▶ [How to complete this task]: Pictures must be left out. Retype exactly the lines from the one containing "This bingo card" through the last line of the records below.

Source data:
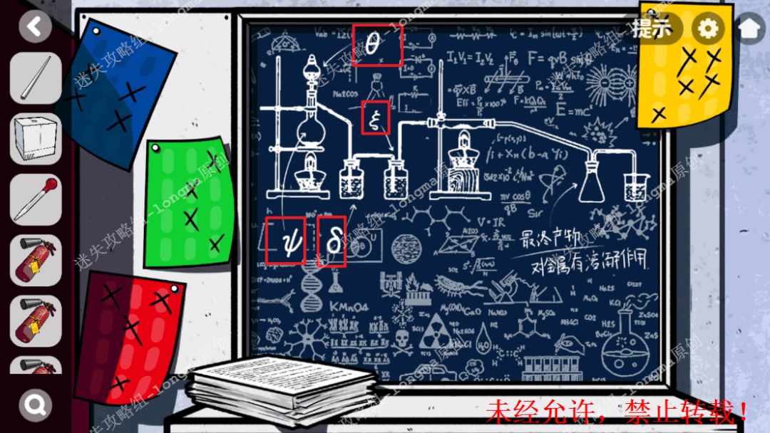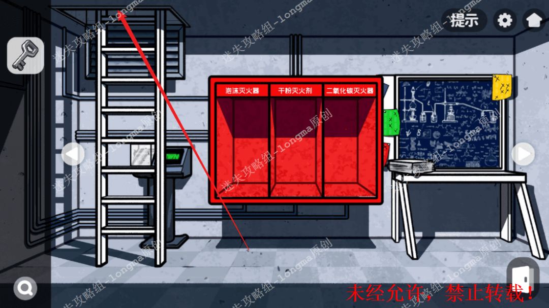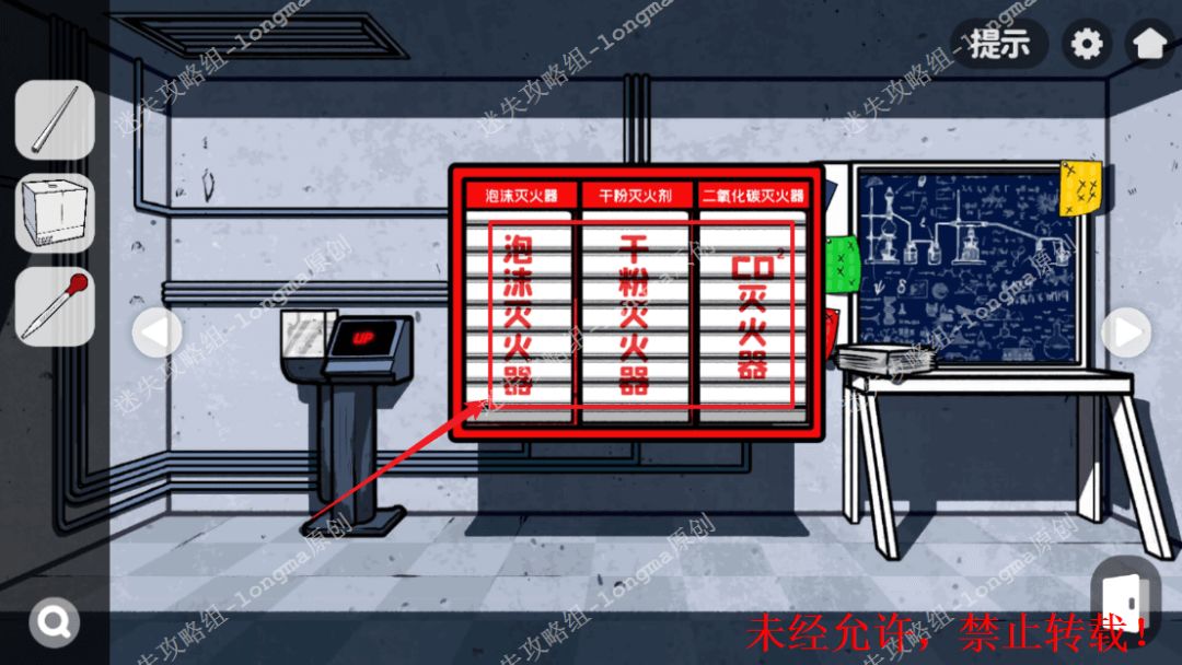 146.右转至灭火器房间,拿走三个【灭火器】,查看右边黑板,记住黑板中每个特殊符号对应的位置。146 146.1
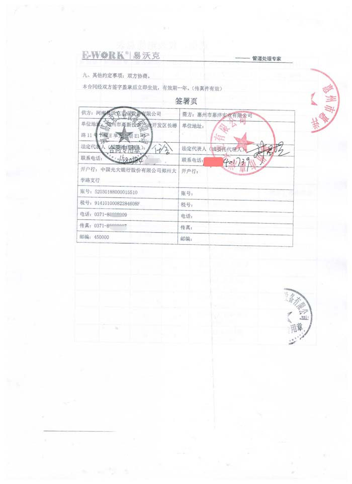2016年惠州市惠洋實業(yè)有限公司合作業(yè)績
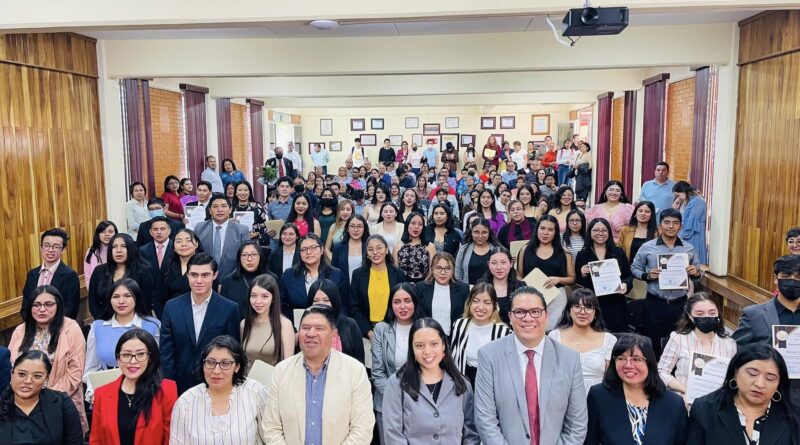 El Maestro Mario F. Subieta Z., Dir. de la Facultad de Ciencias Económico Administrativas de la Autónoma de Tlaxcala, acompañado del Dr. Enrique Vázquez Fdez. y directivos de esta Facultad entregaron los Reconocimientos a los y las Estudiantes que lograron los mejores Promedios en sus Estudios en el período Primavera 2023.
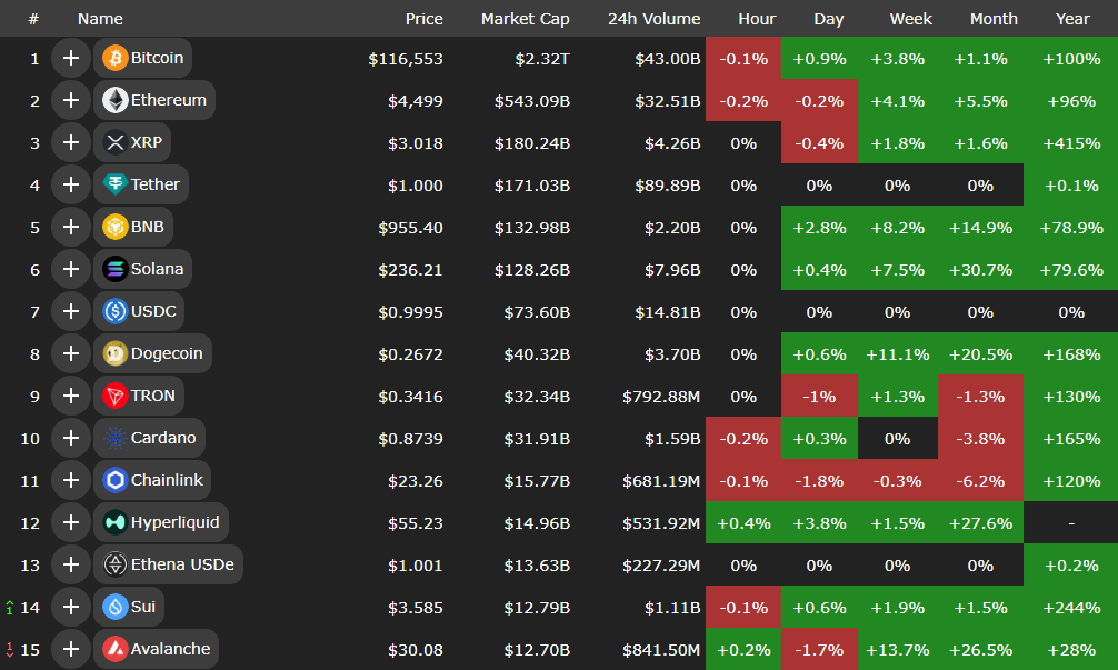 هفته گذشته تعداد کریپتوهای مثبت و منفی بازار تقریبا یکسان بود به طوری که از میان ۱۰۰ رمزارز اصلی بر اساس ارزش بازار، قیمت ۴۶ کریپتو با افزایش و ۴۵ کریپتو با کاهش روبهرو شد.
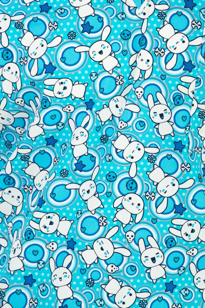 Blue Jumping Rabbits Short Sleeve Scrub Top 100% Cotton
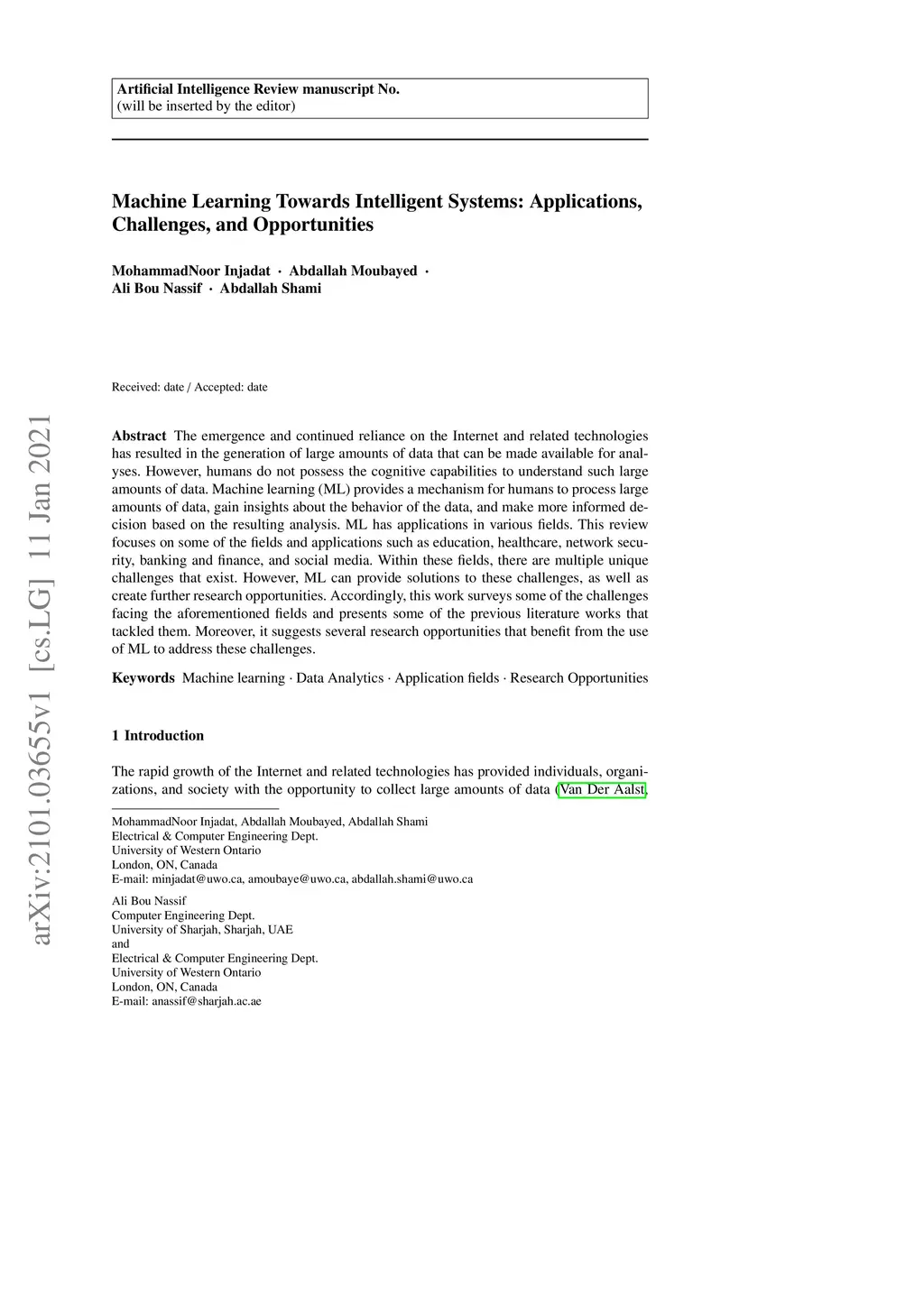 Machine Learning Towards Intelligent Systems: Applications, Challenges,
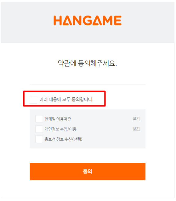 ▶ '확인' 버튼을 클릭해주시면 약과 동의에 대한 내용이 나오는데 모두 동의합니다.에 체크하시고 하단의 '동의' 버튼을 클릭해주시면 됩니다.
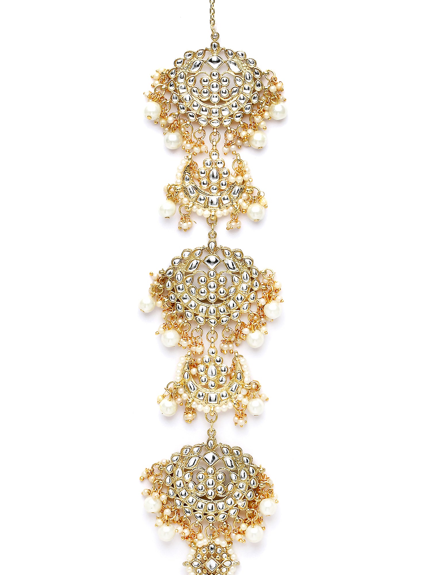 Karatcart Gold Plated Kundan and Pearl Bridal Wedding Hair Braid Choti
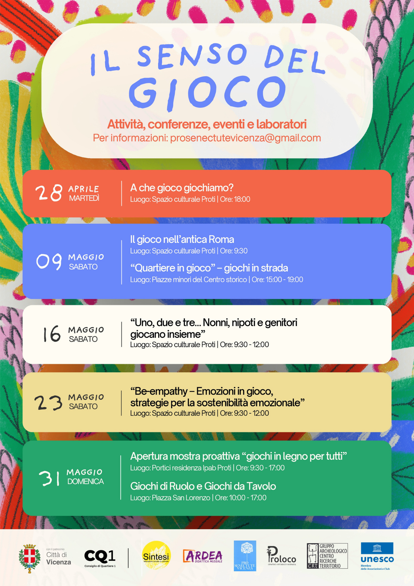 Il 9 maggio, alle 9:30, nello Spazio culturale Proti, si tiene la relazione di Elena Marzola su “Il gioco nell’antica Roma”, un viaggio nella storia cimentandoci negli antichi giochi da tavolo, curato da Aassociazione Ardea e Gruppo archeologico Centro Ricerche Territorio. Sempre il 9 maggio, dalle 15 alle 19, in varie piazze del Centro, “Quartiere in gioco” promosso dal Consiglio di Quartiere 1: Casa Provvidenza S. Domenico, a cura di Faiberica; Parrocchia Carmini: Scout e comunità parrocchiale dei Carmini; Centro Proti: giochi da tavolo Magnogato -Tana dei Goblin; scuola media Maffei: Ludobus a cura di Fate per Gioco; piazza delle Erbe: simultanea di Scacchi a cura del CSVP; Caccia al Tesoro itinerante a cura di Aster3 con partenza dalla parrocchia dei Carmini. Il pomeriggio si concluderà con un aperitivo conviviale ai Carmini a partire dalle 19.
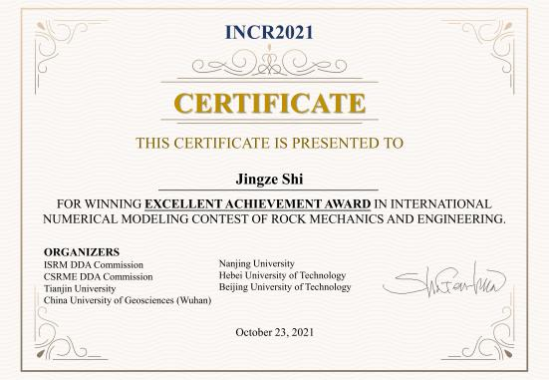 我院学子在国际岩石力学与工程数值仿真大赛中获一等奖
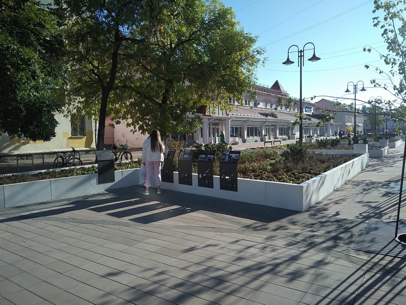 На стендах, установленных на площади, идет описание истории Большой Благовещенской улицы с историко-архитектурными справками, фотографиями. Но автор тут же замечает, что некоторые тексты не отредактированы, идут не хронологично, поэтому некоторые факты трудно воспринимаются.
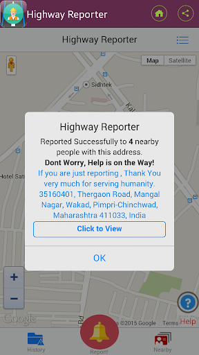 Report Incidents on Highway and let Police , Ambulance and other people know about incident/accident details in one touch.
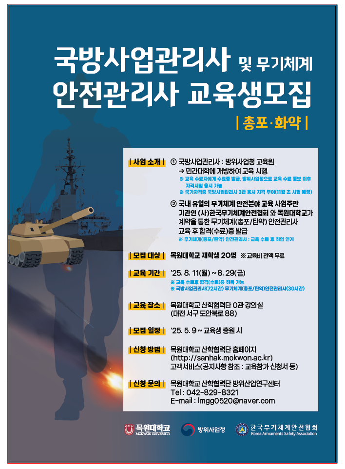 HWP문서(20250430) 국방사업관리사 및 무기체계안전관리사 교육생 모집 안내문.hwp
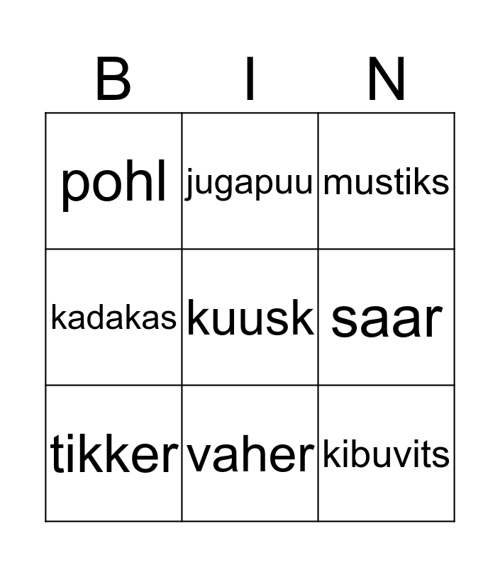 This bingo card has a free space and 8 words: saar, mustiks, jugapuu, tikker, pohl, kibuvits, kadakas and vaher.
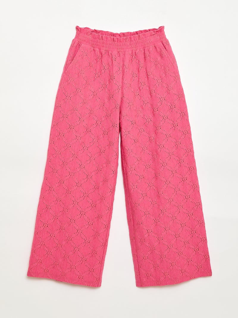 Pantalon large en broderie anglaise - Rose
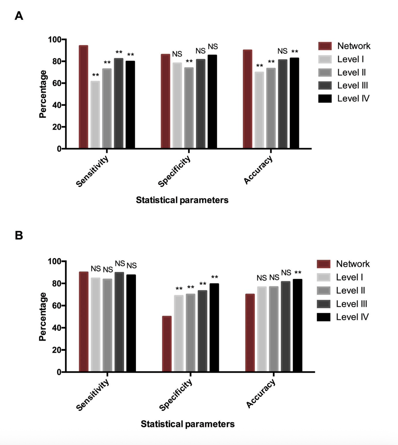 Comparison of diagnostic performance between the network and doctors stratified by seniority (Level I to IV). (A) CAG detection. (B) GC detection.
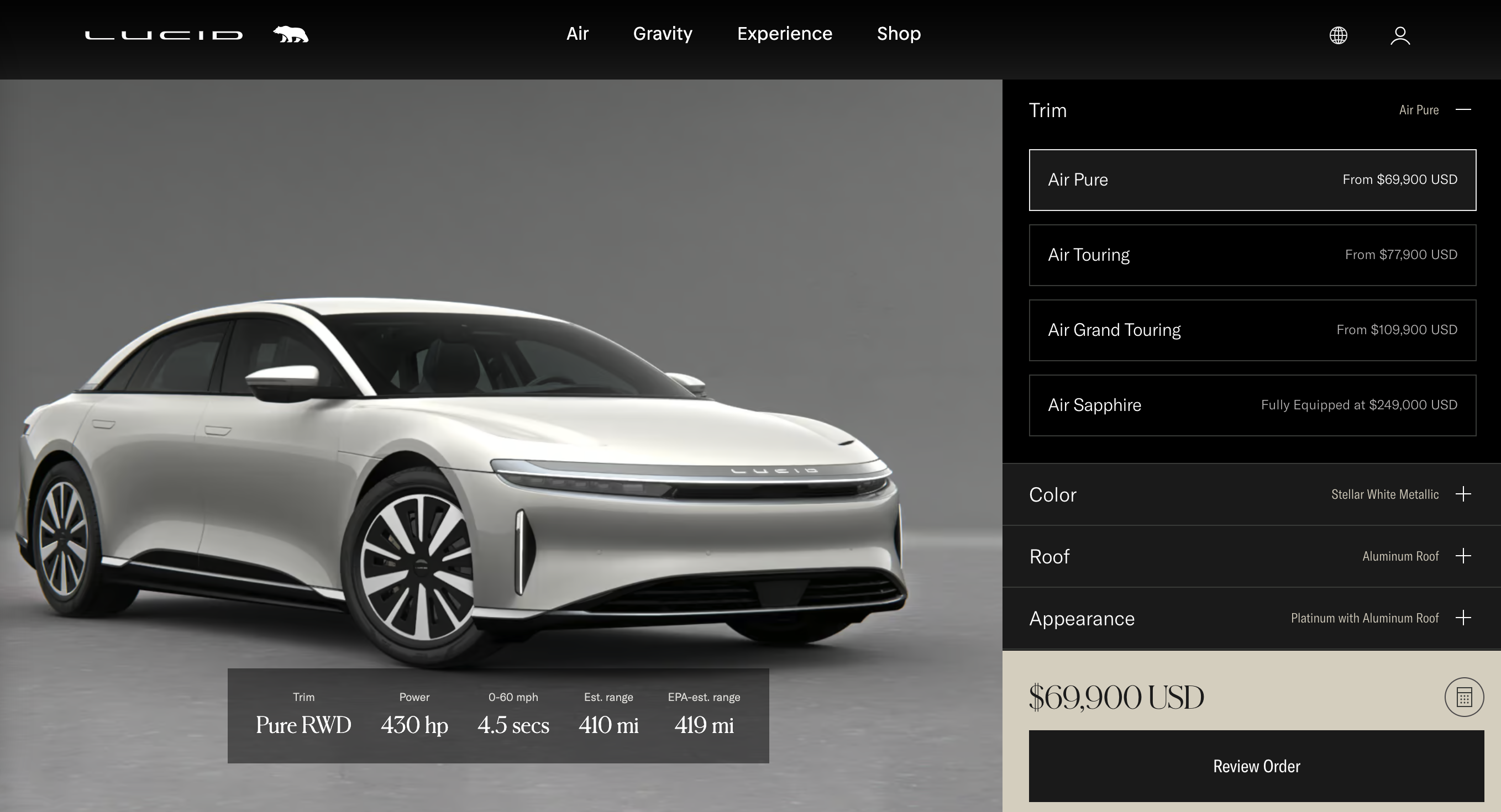 当地时间2月15日,美国电动汽车制造商Lucid宣布车型价格调整,Lucid Air Pure后轮驱动版售价为69,900美元起,Air Touring售价为77,900平方美元起,Air Grand Touring售价为109,900美元起。

▶ [Exercise solution]:
 This bingo card has a free space and 8 words: saar, mustiks, jugapuu, tikker, pohl, kibuvits, kadakas and vaher.
 Pantalon large en broderie anglaise - Rose
 Comparison of diagnostic performance between the network and doctors stratified by seniority (Level I to IV). (A) CAG detection. (B) GC detection.
 当地时间2月15日,美国电动汽车制造商Lucid宣布车型价格调整,Lucid Air Pure后轮驱动版售价为69,900美元起,Air Touring售价为77,900平方美元起,Air Grand Touring售价为109,900美元起。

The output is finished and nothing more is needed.